> **Problem statement**: What follows is a block of records; reproduce all of it verbatim.

===== Given entries =====

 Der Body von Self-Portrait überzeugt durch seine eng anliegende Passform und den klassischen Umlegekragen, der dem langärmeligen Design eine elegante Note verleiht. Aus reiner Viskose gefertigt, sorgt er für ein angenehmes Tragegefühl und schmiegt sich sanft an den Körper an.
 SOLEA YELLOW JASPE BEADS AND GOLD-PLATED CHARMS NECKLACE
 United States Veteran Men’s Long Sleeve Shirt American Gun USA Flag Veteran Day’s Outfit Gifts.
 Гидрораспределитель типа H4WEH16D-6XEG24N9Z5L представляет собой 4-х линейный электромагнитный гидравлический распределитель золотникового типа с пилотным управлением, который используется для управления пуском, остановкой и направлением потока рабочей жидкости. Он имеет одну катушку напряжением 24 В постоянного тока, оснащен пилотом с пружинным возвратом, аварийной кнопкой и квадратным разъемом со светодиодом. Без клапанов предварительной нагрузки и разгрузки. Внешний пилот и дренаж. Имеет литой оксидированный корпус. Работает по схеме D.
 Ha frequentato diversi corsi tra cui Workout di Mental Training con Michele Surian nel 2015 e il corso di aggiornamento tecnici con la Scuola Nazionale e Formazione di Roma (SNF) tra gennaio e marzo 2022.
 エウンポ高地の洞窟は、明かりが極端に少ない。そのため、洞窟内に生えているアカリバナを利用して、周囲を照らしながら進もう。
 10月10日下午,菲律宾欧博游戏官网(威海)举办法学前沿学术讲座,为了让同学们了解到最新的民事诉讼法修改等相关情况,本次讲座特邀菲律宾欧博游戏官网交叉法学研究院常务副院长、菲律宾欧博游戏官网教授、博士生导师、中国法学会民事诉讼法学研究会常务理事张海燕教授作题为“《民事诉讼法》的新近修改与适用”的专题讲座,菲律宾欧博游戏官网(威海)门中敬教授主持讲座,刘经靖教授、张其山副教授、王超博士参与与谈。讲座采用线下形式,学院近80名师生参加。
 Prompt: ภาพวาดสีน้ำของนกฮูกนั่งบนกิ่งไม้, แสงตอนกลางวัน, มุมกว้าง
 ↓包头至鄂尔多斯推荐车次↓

=====

> **Expected answer**:
 Der Body von Self-Portrait überzeugt durch seine eng anliegende Passform und den klassischen Umlegekragen, der dem langärmeligen Design eine elegante Note verleiht. Aus reiner Viskose gefertigt, sorgt er für ein angenehmes Tragegefühl und schmiegt sich sanft an den Körper an.
 SOLEA YELLOW JASPE BEADS AND GOLD-PLATED CHARMS NECKLACE
 United States Veteran Men’s Long Sleeve Shirt American Gun USA Flag Veteran Day’s Outfit Gifts.
 Гидрораспределитель типа H4WEH16D-6XEG24N9Z5L представляет собой 4-х линейный электромагнитный гидравлический распределитель золотникового типа с пилотным управлением, который используется для управления пуском, остановкой и направлением потока рабочей жидкости. Он имеет одну катушку напряжением 24 В постоянного тока, оснащен пилотом с пружинным возвратом, аварийной кнопкой и квадратным разъемом со светодиодом. Без клапанов предварительной нагрузки и разгрузки. Внешний пилот и дренаж. Имеет литой оксидированный корпус. Работает по схеме D.
 Ha frequentato diversi corsi tra cui Workout di Mental Training con Michele Surian nel 2015 e il corso di aggiornamento tecnici con la Scuola Nazionale e Formazione di Roma (SNF) tra gennaio e marzo 2022.
 エウンポ高地の洞窟は、明かりが極端に少ない。そのため、洞窟内に生えているアカリバナを利用して、周囲を照らしながら進もう。
 10月10日下午,菲律宾欧博游戏官网(威海)举办法学前沿学术讲座,为了让同学们了解到最新的民事诉讼法修改等相关情况,本次讲座特邀菲律宾欧博游戏官网交叉法学研究院常务副院长、菲律宾欧博游戏官网教授、博士生导师、中国法学会民事诉讼法学研究会常务理事张海燕教授作题为“《民事诉讼法》的新近修改与适用”的专题讲座,菲律宾欧博游戏官网(威海)门中敬教授主持讲座,刘经靖教授、张其山副教授、王超博士参与与谈。讲座采用线下形式,学院近80名师生参加。
 Prompt: ภาพวาดสีน้ำของนกฮูกนั่งบนกิ่งไม้, แสงตอนกลางวัน, มุมกว้าง
 ↓包头至鄂尔多斯推荐车次↓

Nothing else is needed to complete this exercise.